Germany renewed its opposition to growing calls for a move towards bonds that are jointly issued by eurozone members yesterday, with the German Chancellor, Angela Merkel, saying that so-called eurobonds were "exactly the wrong answer" to the currency union's sovereign debt crisis.
The rejection follows a fortnight of turmoil on the world markets, with investors increasingly anxious about what they see as the lack of political will to solve the eurozone debt crisis. Last week also saw the Wall Street investment bank Morgan Stanley highlighting Europe's "slow and insufficient response to the sovereign crisis" as one of the reasons for a downgrade of its economic-growth forecasts.
But Ms Merkel rebuffed the clamour for eurobonds as a solution to the Continent's problems.
"They lead us to a debt union and not a stability union," she told German public television yesterday. Instead, Ms Merkel said Europe needed to move towards more economic co-operation.
"The eurozone has to work even more closely together but we also have to work together closely within the Europe of 27," she said. "Our currency is not substantiated by a political union. Now the task is to make the euro strong through more economic co-operation and, especially, more commitment."
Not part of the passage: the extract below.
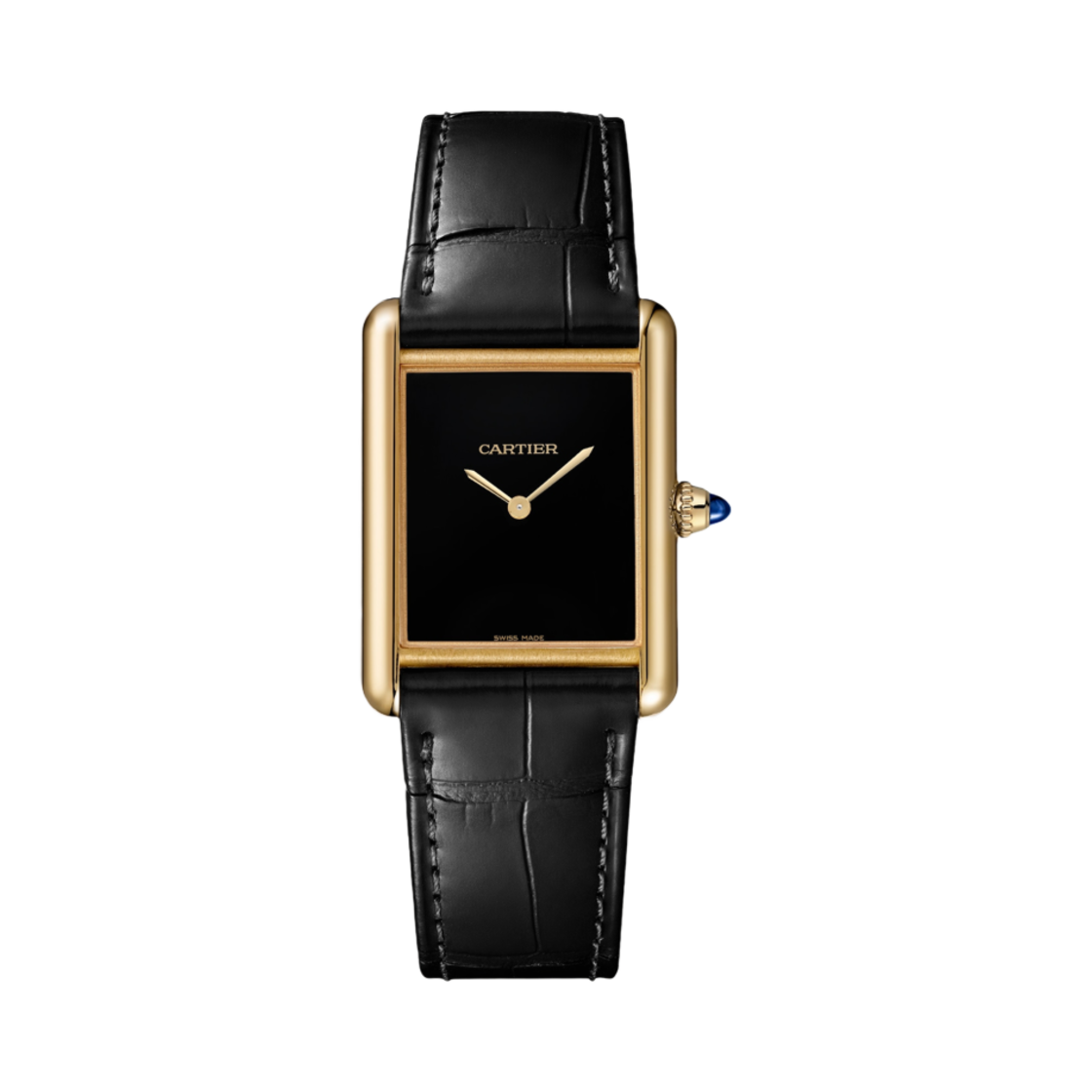 까르띠에 탱크 루이 워치 미니 쿼츠 옐로우 골드 샤이니 앨리게이터 스킨 블랙
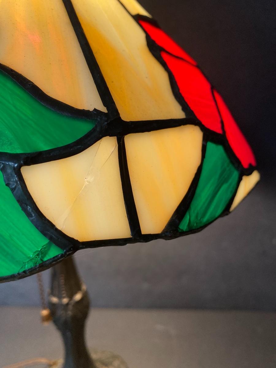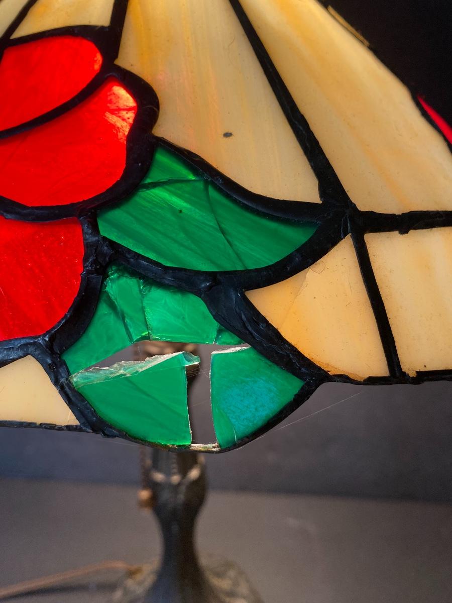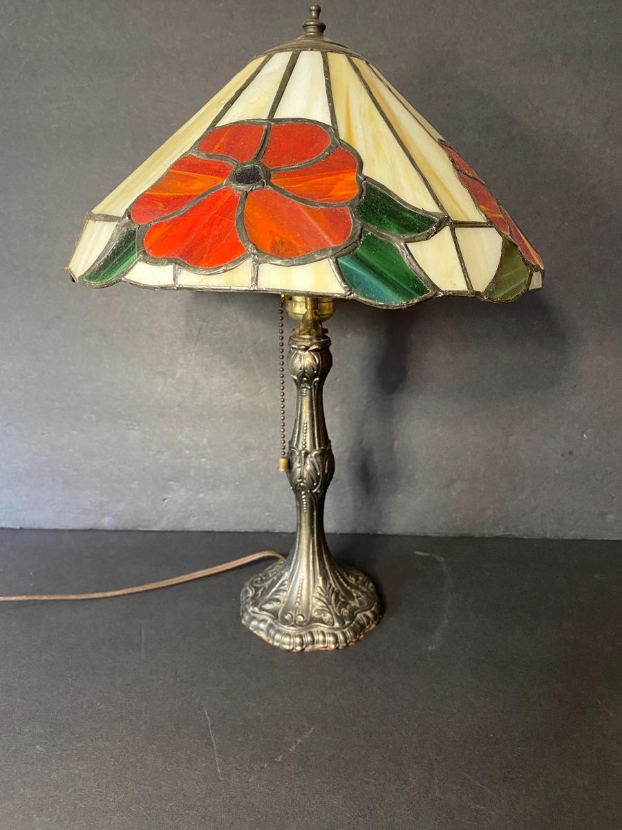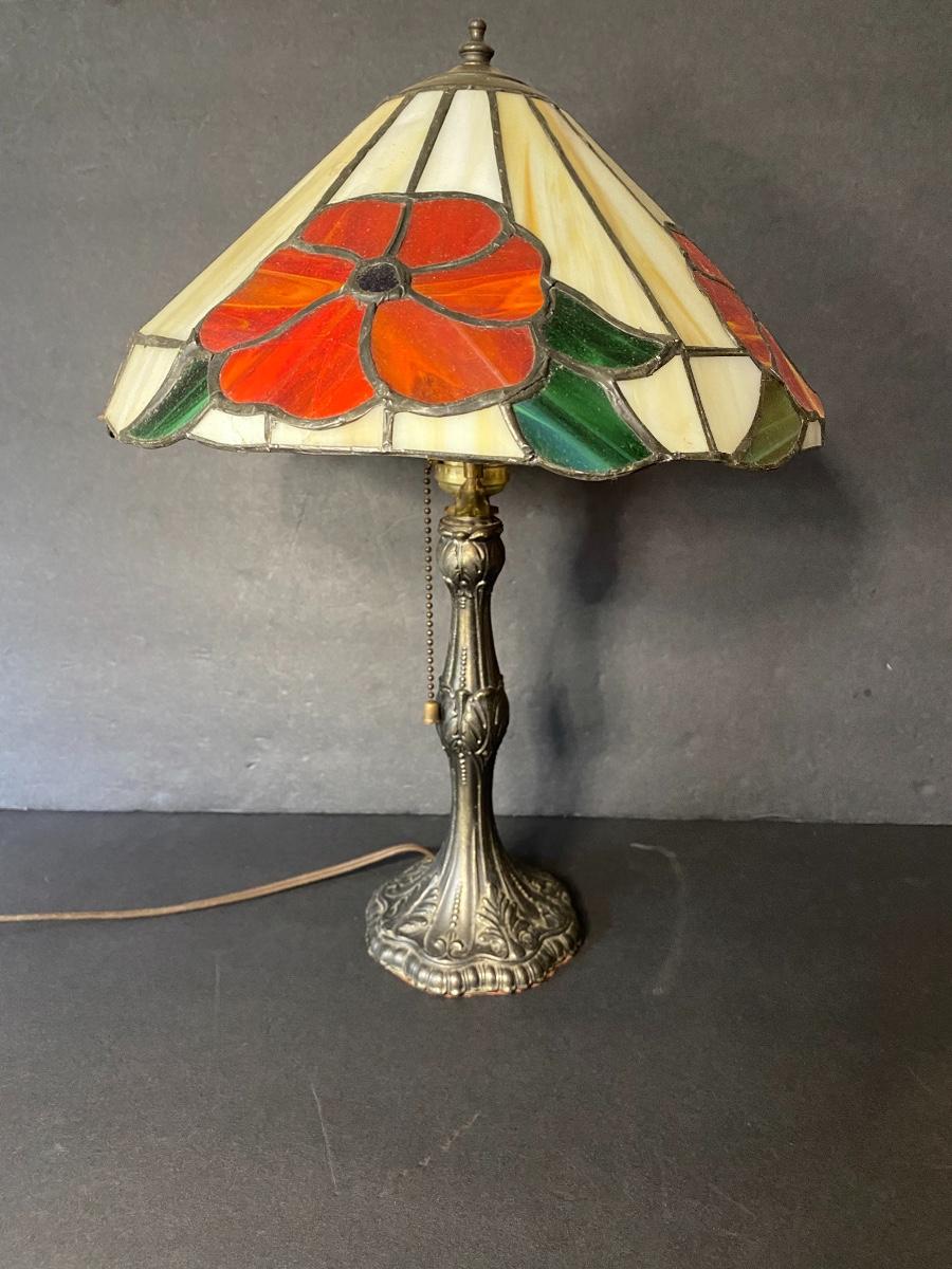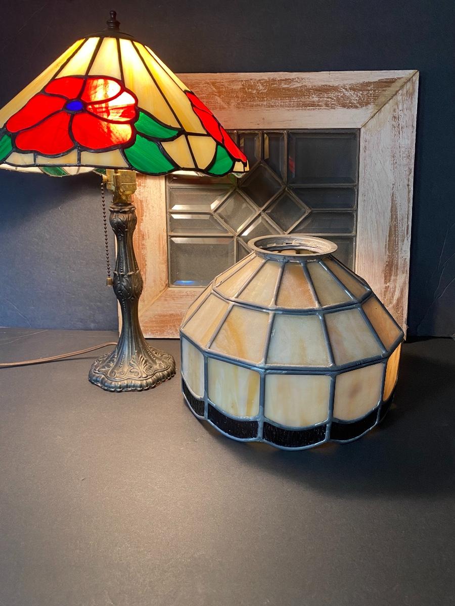 Antique leaded glass window panel that has been framed. Gorgeous! Also included is a stained glass lamp with vibrant colors but unfortunately has damage to the glass, and an extra shade. Please see all pictures as they are the best representation of the items. The pictures show condition, measurements if taken, and what is included in the lot. Due to the large amount that we photograph and the time frame, we are not always able to take measurements. All items unless noted, are pre-owned and have been used. If you purchased furniture, you must bring help. We do not allow one person to carry large furniture out on their own. Bring help, tools and a truck for the safety of our client’s homes, and your personal safety. Company policy. Thank you.

Earlier, her finance minister, Wolfgang Schuble, had also opposed the idea. Speaking at his ministry's open day on Saturday, Mr Schuble said: "As long as we don't collectivise financial policy, we also cannot have a uniform interest rate level. The different rate levels are the incentive to run a solid economy or the punishment if you are not running it properly."
Ms Merkel's resistance echoed her stance at talks with the French President, Nicolas Sarkozy, last week.